The first and the second coupling elements 4.1 and 5.1 are suitable for transmitting torques between the first and the second element. For torsional vibration damping acc. Fig. 1 between the first receptacle 4.2 and the coupling part 3, a first compression spring 6 is disposed and between the second receptacle 5.2 and the coupling part is seated a second compression spring 7. The first and the second compression spring 6, 7 are in the form of coil springs and are below Preload on.

Gem. Fig. 2 divided sealed in the direction of the housing 2 coupling part 3 divides the space in the housing 2 in a first subspace 8, which extends from the coupling part 2 in the direction of the first element 4 and in a second subspace 9 extending from the coupling part. 3 extends in the direction of the second element 5. In the subspaces 8, 9 is a liquid damping medium 10, which can flow via at least one in the coupling part 3 integrated valve 11 of a subspace 8, 9 in the other sub-space 8, 9. As a damping medium, a liquid-gas mixture is preferably used.

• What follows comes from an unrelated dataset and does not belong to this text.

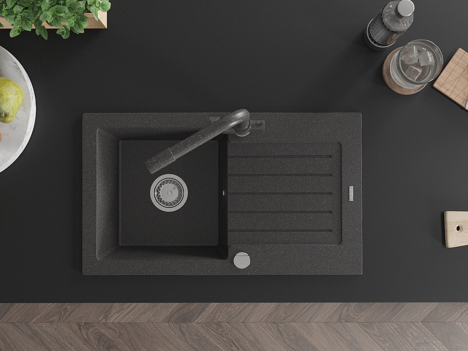 Zlewozmywak został wykonany z wysokiej jakości granitu. Stanowi eleganckie, a przede wszystkim praktyczne uzupełnienie każdej kuchni, niezależnie od jej stylu. Wysoka jakość oraz trwałość granitu zapewniają wieloletnie użytkowanie.

If the first rotary shaft (first element 1) and the second rotary shaft (second element 2) are rotated relative to one another, then the coupling elements 5.1, 5.2 adopt a different spatial angular position and the coupling part 3 is moved along the longitudinal axis A according to FIG. Fig. 1 against the spring force of the compression springs 6, 7 and acc. Fig. 2 moves against the damping force of the damping medium 10. In this case, the coupling part 3 also performs a rotary movement.

By means of the coupling elements 5.1, 5.2 and the elasticity of the springs 6, 7 (FIG. 1) or the damping medium 10 (FIG. 2), the torsional vibrations between the first element 4 and the second element 5 are damped and torque peaks are reduced. According to an embodiment not shown, it is also possible, for example, rotatably form the housing as a first or second element and to attach to this example, a stub shaft. Of course, then the housing is not mounted fixed to the frame. In FIGS. 3 and 4 variants of a damping element 1 are shown, in which the first element 4 is designed in the form of a first rotary shaft and the second element 5, which is rotatable relative thereto, is the housing 2.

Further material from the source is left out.